恍惚コラム...

第323回

 先般の連休中に帰省したときの話である。父は俺に突然こんなことを言った。「しかしお前には金をかけられなかった」……実家の家族と妻を連れての団らんで、たまたま大学時代の話になった矢先のことであった。ご存じのとおり、お写真の大学などを出てしまった俺である。どういう話の流れかは失念したが、ともあれそういうメシの種にならない大学にいる奴らは金持ちだ、という話題であった。

 大学時代の俺はバイト先に入り浸っているか、パチンコ屋にいるかのどちらかだった。バイトでは月8万だかを稼いでいたが、そういわれてみれば実家から小遣いをもらっていた記憶がほとんどない。たしかに2、3万の小遣いはもらっていたような記憶があるのだが、写真という崇高な芸術活動とそれに真っ向から対立するパチンコ活動によって日々搾取されていた俺に宵越しの金はほとんどなかった。パチンコで2、3万もスればそれこそ食事もままならず、学友が段階露出によって最適値を探っていた最中でも俺は一発で露出を決めていた。

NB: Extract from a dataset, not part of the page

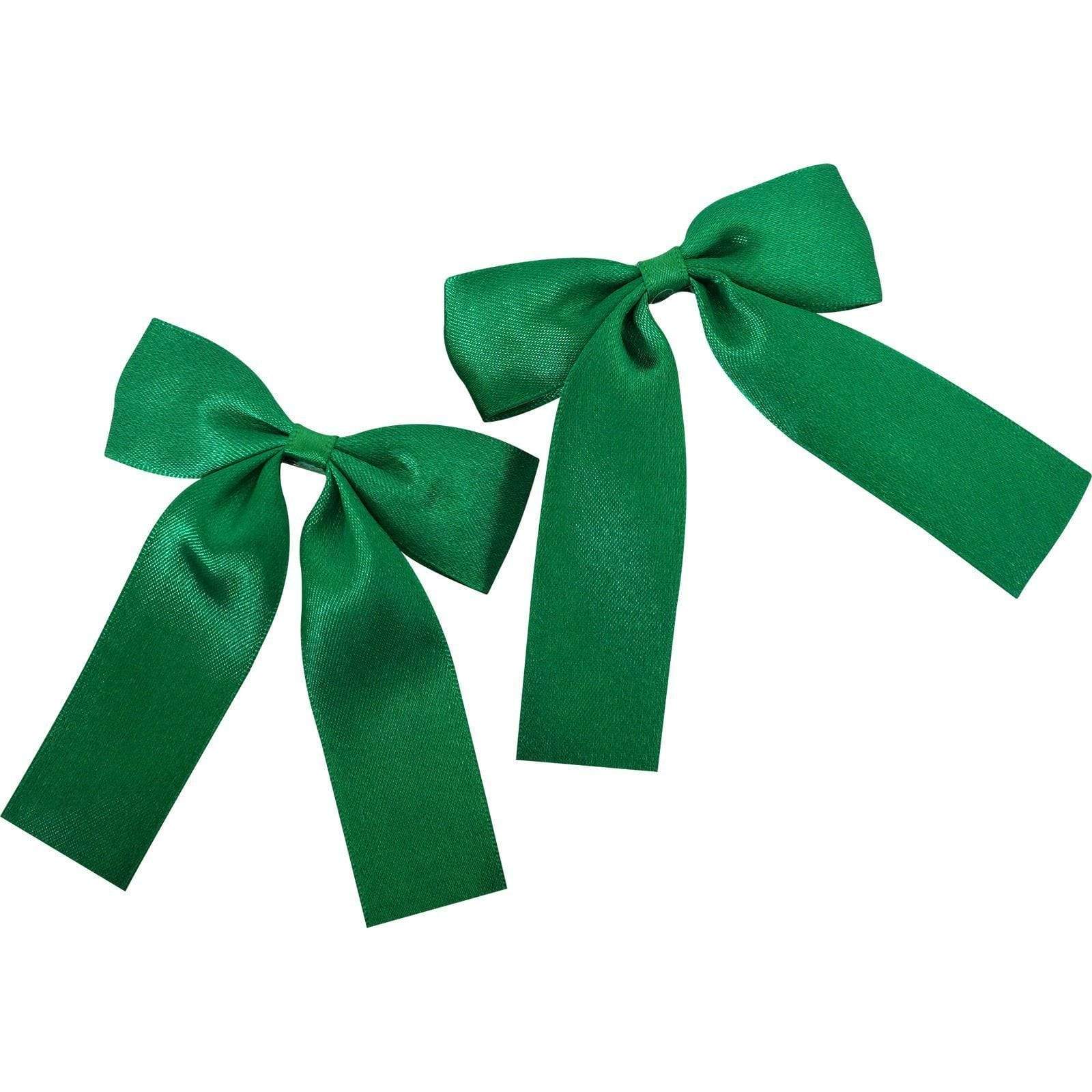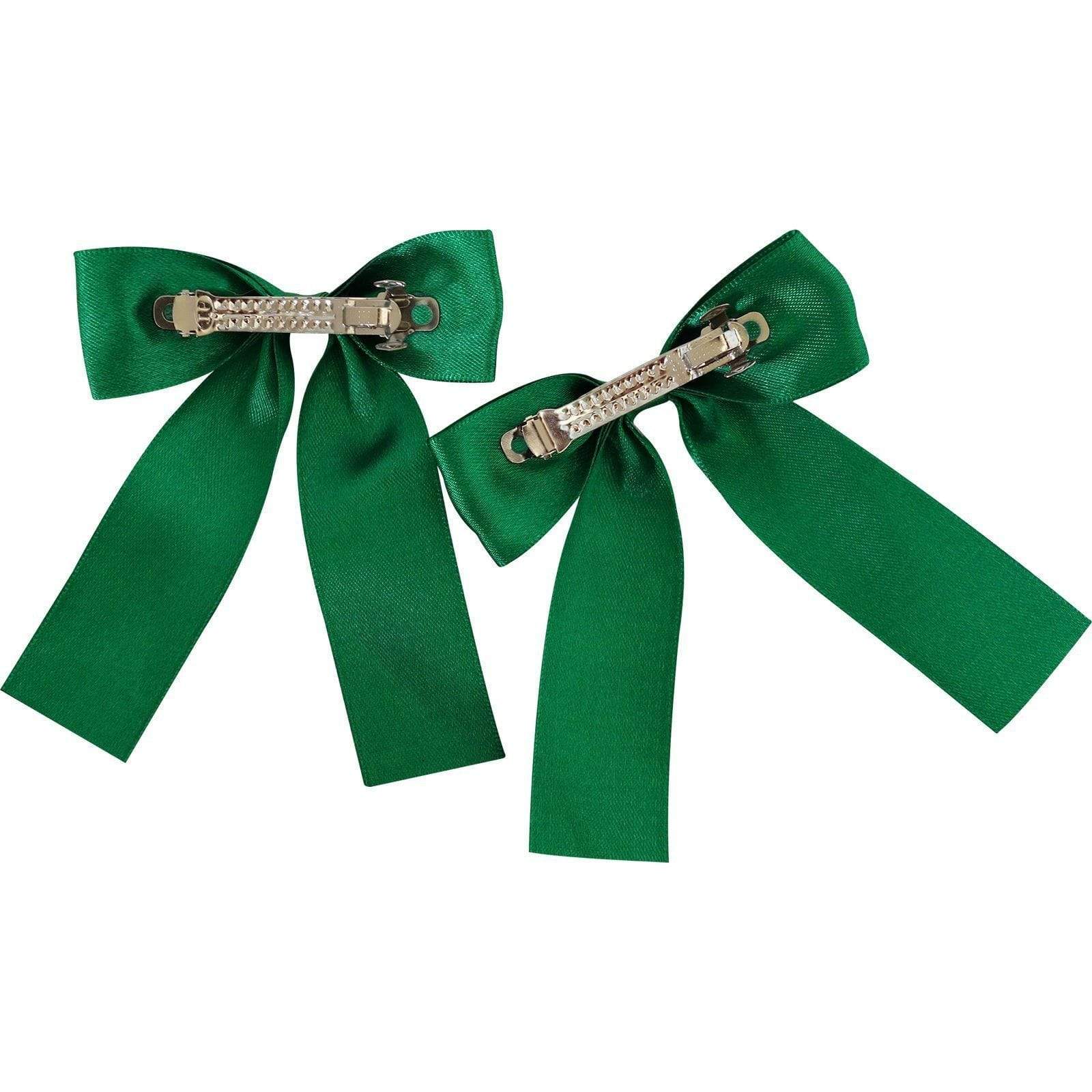 Pair of Green Hair Bow Ribbon Clips Grips Girls Childrens Kids Bows Accessories

 大学の「広告写真」の授業でのお話である。そこは4×5インチサイズのカメラによるプロフェッショナルかつアーティスティックな撮影技術を追求する梁山泊。かなり専門的な話になるが、蛇腹の前にレンズが設けられ、その後ろの部分をマント状の布をかぶって覗くカメラの話をしているのだと思っていただきたい。そうしたカメラには一般のロールフィルムではなく、ほぼ絵ハガキと同じサイズの「シートフィルム」が用いられる。これを1カットごとに交換しながら撮影を進めるのだが、それは同時に1カット現像するごとに余分に金がかかることを意味していたのだ。同じ被写体を撮影しても、「絞り」のセットによって写真の明るさは変わってくる。関係のない方々にとっては些細な違いなのだが、これにこだわるのが梁山泊の梁山泊たるゆえんである。そこに集う学生たちは複数枚の「同じ」写真を現像しては薄皮一枚ほどの明るさの違いに一喜一憂していたのだが、ともかく俺はその数百円を節約するために努力していた。つまり、である。撮影の段階では一応数枚の段階露出を行うのだが、気合いでもって1枚しか現像に出さないという技なのである。結果、どうなったか。俺の露出決定力は極限まで(?)高められ、つねに適正露出の写真を提出するに至ったのだ。周囲の学友が4〜5枚現像しているのを尻目に適正露出を叩き出すのはたしかに快感ではあったが、今思えば自分は単なる貧乏人だったのである。

 エピソードはこれだけにとどまらない。週に何度も飲みに行く学友。なぜか常に最新のカメラを持っている学友。銀行でも襲撃しなければ手に入らないっぽいカメラを持っている学友。仮面ライダーもかくやと思わせるバイクに乗っている学友……俺はこれらの対極にあったし、本当にうぶだった。30歳を迎え、自分の父親に憐れみをかけられるまで自分の貧乏さに気付くことができなかったのだから。当時の俺にとってカメラは写ればいいし、小遣いは自分で稼ぐものだった。ちょっと貧乏かもしれない、と思うことがないわけではなかったが、たいへん有意義な学生時代を送ってきたと胸をはって言うことができる。ただ、学生街で夜な夜な飲み歩く学友たちについて行くことができなかったことだけは悔やまれるが。

 デジタル時代を迎えた現在ではこうした悩みもなくなっているのだろう。カメラは昔に比べればだいぶ高くなってしまったが、何しろいくら撮影してもタダ同然なのである。いくら段階露出をしようが、アクロバチックな撮影に挑戦しようが、プリントアウトさえしなければハードディスクをほんの少し浪費するだけ。これを機に新しいアートが生まれることを願ってやまない。

 現在でも家の押し入れの中にはその時代に撮影された未現像フィルムが大量に眠っている。急いで現像しなかったからにはたいしたものが写っているはずもないのだが、それを見るにつけあの情けなくも懸命に生きていた日々が蘇ってくる。